Mittwoch, der 30.10.2002, 20.15 Uhr. Vor mir sitzen die drei jungen Männer, die mich mit ihren alltagsgebundenen, melancholischen und nachdenklichen Texten über die Pubertät getragen haben. Jetzt bin ich raus aus meiner Pubertät und darf Fragen stellen. Toll. Ladies und Gentleman, exklusiv und erstmals im Conne Island Newsflyer: Ein Interview mit Tocotronic. Bitte schön.

Tocotronic, 18.0k Flo: Ja. Ihr habt nach dreijähriger Abstinenz euer 6. Album veröffentlicht. Meiner Meinung nach habt ihr damit an die vorherige Platte angeknüpft, was Text und auch die musikalische Form betrifft. So erscheint es mir, dass eure Texte abstrakter geworden sind, nicht mehr so fassbar. Vielleicht könnt ihr dazu was sagen?

Dirk: Also textlich gab es erst mal den Wunsch, wegzugehen von diesen sehr alltagsgebundenen Dingen und so. Weil man das einfach schon gemacht und weil es sehr unbefriedigend gewesen wäre, wenn man das noch einmal gemacht hätte. Man interessiert sich mit der Zeit auch für andere Facetten des Lebens.
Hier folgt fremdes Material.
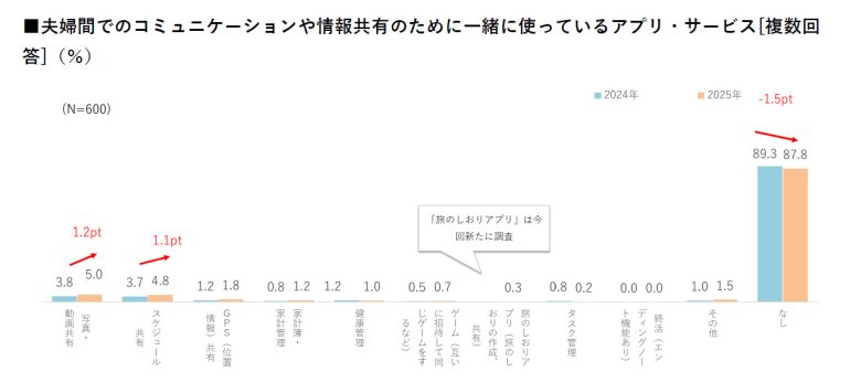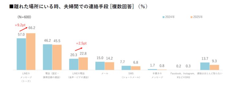 次いで多いのは電話(固定・携帯回線の通話)だが、昨年と比べてほぼ横ばい。LINEの電話は2.5ポイント増加している。夫婦間のコミュニケーションにFacebook、Instagram、XなどのSNSを使う割合は0.3%だった。

Wir wollten nicht so dienstleisterisch wirken, also dass man versucht, das zu schreiben, was das Publikum hören will. ... ja mit dem Sound ist das eigentlich ganz ähnlich gewesen.

Jan: Man ist ja auch immer in der Situation, dass man im Nachhinein Sachen erklären muss, die einfach in einem Prozess entstehen und wofür man dann manchmal gar keine Erklärung für hat.

Arne: Wir sind dann auch ohne große Konzepte ins Studio gegangen und haben dort viel ausprobiert.

Flo: Wie ist das mit Tobias Levin? Der ist jetzt euer neuer Produzent und Keyboarder, oder wie?

Jan: Nee, wir haben das schon nachgelesen im CEE IEH, das ist also falsch recherchiert. Der ist neuer Produzent und hat auf dem Album Keyboard und auch Gitarren eingespielt... für Konzerte ist unser neuer Keyboarder Rick Mc.Fail. ... der hat bei uns früher mal T-Shirts verkauft... ist jetzt also karrieremäßig aufgestiegen.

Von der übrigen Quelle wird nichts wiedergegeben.